Gagal napas hipoksemia

10
Suplementasi oksigen adalah terapi terpenting utuk gagal napas hiposemik.Perhatian terhadap
transportasi oksigen penting, dan anemi berat harus dikoreksi serta curah jantung yang adekuat
harus dipertahankan. Penyakit dasar yang menyebabkan gagal napas hipoksemik harus diatasi,
terutama jika pneumonia, sepsis atau penyebab lain. Tatalaksana bias diuretika, antibiotic,
bronkodilator selain tindakan suportif lain.

Pada beberapa pasien dengan penyakit paru yang tidak merata pada semua bagian paru (tidak
mengenai kedua paru), memiringkan pasien pada posisi di mana area paru tidak terlibat lebih di
bawah akan meningkatkan oksigenasi.Hal ini karena gravitasi dan berat paru yang tergantung /
lebih di bawah. Pasien dengan hemoptysis berat atau secret/dahak banyak tidak boleh dalan
posisi seperti ini karena kemungkinan akan terjadi aspirasi darah atau secret ke area yang belum
terlibat.

1.Pemberian oksigen. Untuk atasi hipoksemia dan menaikkan PaO2

2. Ventilasi frekuensi tinggi jika kondisi pasien tidak bereaksi terhadap terapi yang diberikan ,
tindakan ini untuk memaksa jalan napas terbuka , meningkatkan oksigenasi dan mencegah
kolaps alveoli paru

3. Pemberian antibiotik untuk atasi infeksi

4. pemberian kortikosteroid untuk kurangi inflamasi

5. Pemberian vasopressor untuk pertahankan tekanan darah

11
Kesimpulan

Gagal napas terjadi apabila paru tidak lagi dapat memenuhi fungsi primernya dalam pertukaran
gas, yaitu oksigenasi darah arteria dan pembuangan karbon dioksida. Dari skenario laki-laki di
diagnose dengan gagal nafas akut berdasarkan hasil dari pemeriksaan fisik juga di sertai adanya
asidosis respiratorik. Maka dari itu di butuhkan penanganan yang tepat untuk tatalaksana dari
pasien tersebut.

DAFTAR PUSTAKA

1. Tanto.C, Liwang.F, Hanifati. S, Pradipta AE : kapita selekta kedokteran. edisi keempat.

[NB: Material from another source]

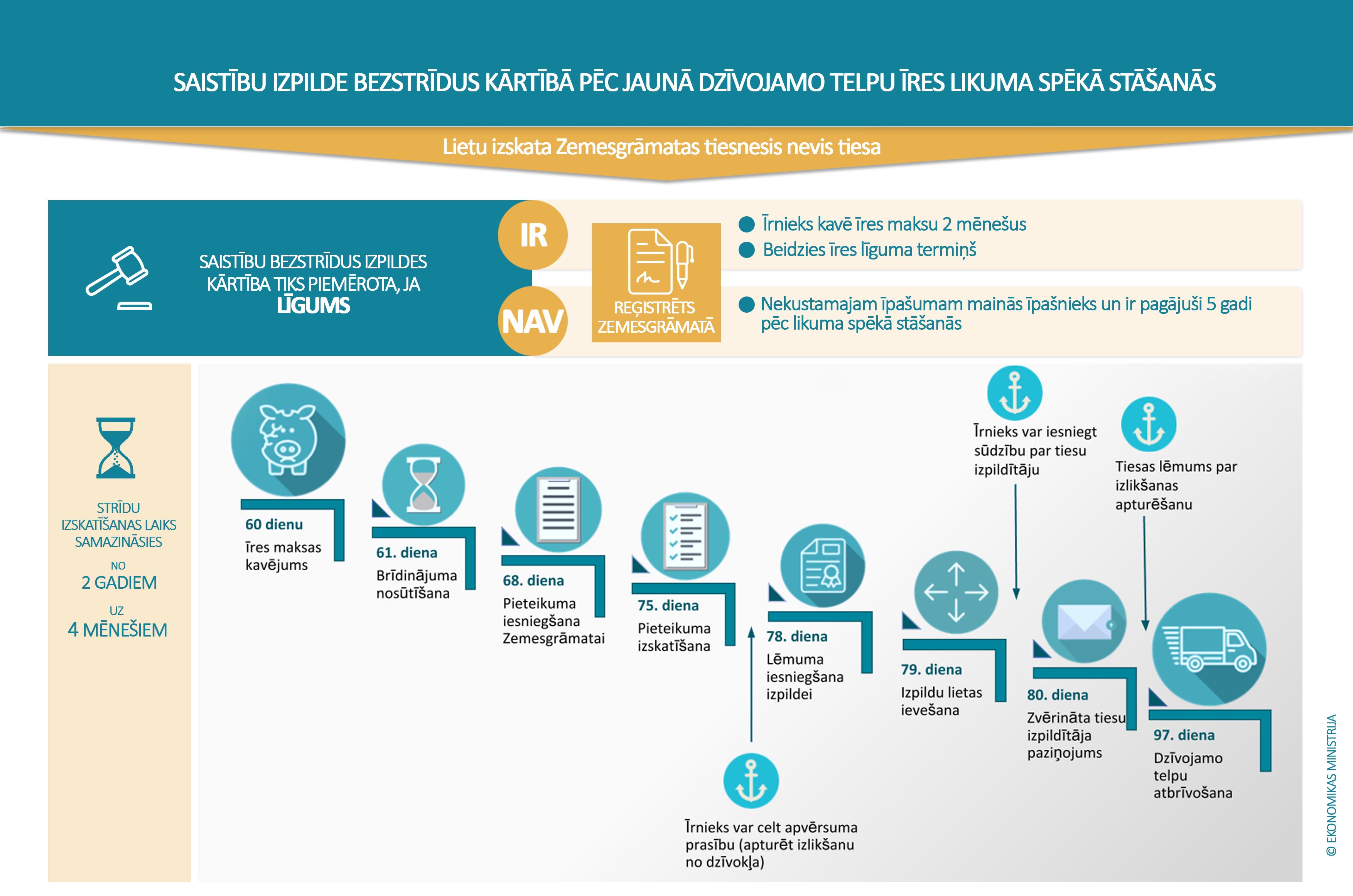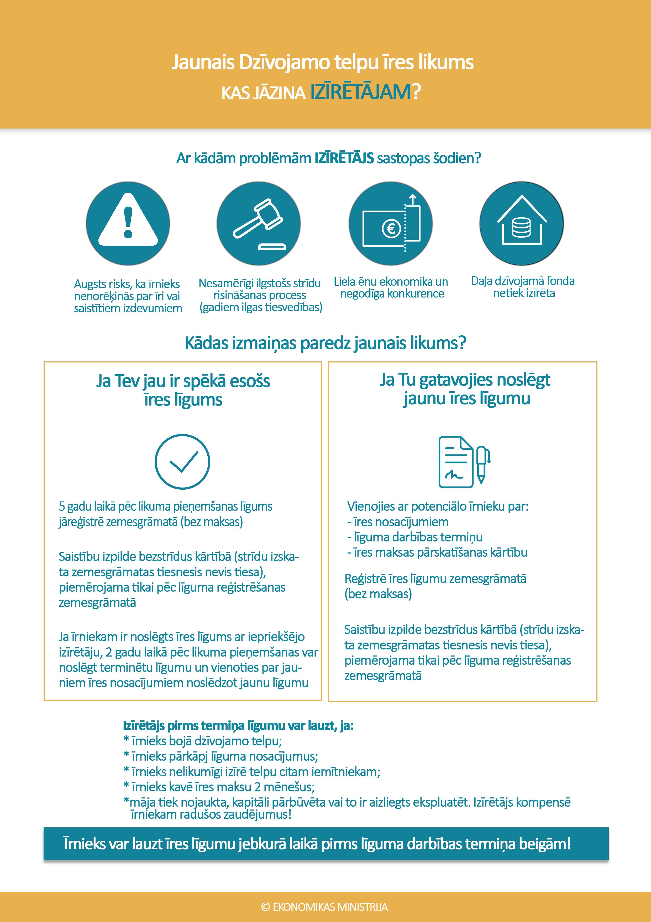 Šāds risinājums ļaus būtiski samazināt tiesvedības ilgumu, kas šobrīd var ilgt pat vairākus gadus. Vienlaikus tas ļaus arī izskaust fiktīvos īres līgumus, kā arī pasargāt godprātīgos īrniekus izīrētāja maiņas gadījumā.

Jakarta: Media Aesculapius; 2014. Hlm 815.
2. Price. SA : Patofisiologi konsep klinis proses-proses penyakit. Edisi keenam.Jakarta:
EGC; 2014, hlm 374 & 824.
3. Sudoyo AW, Setiyohadi B, Alwi I, Simadibrata M, Setiati S. Buku Ajar Ilmu Penyakit
Dalam Jilid III edisi VI. Jakarta: Internal Publishing; 201. Hlm 4091.
4. Hartono. A : Buku Ajar Patofisiologi. Jakarta: EGC; 2014. Hlm 225

Sasaran Belajar

1. Mahasiswa mengetahui diagnosis


2. Mahasiswa mengetahui mekanisme gagal nafas akut
3. Mahasiswa mengetahui klasifikasi gagal nafas
4. Mahasiswa mengetahui asidosis respiratorik
5. Mahasiswa mengetahui tatalaksana gagal napas akut

Hipotesis

Pasien dengan sesak nafas dan penurunan kesadaran menderita gagal nafas akut.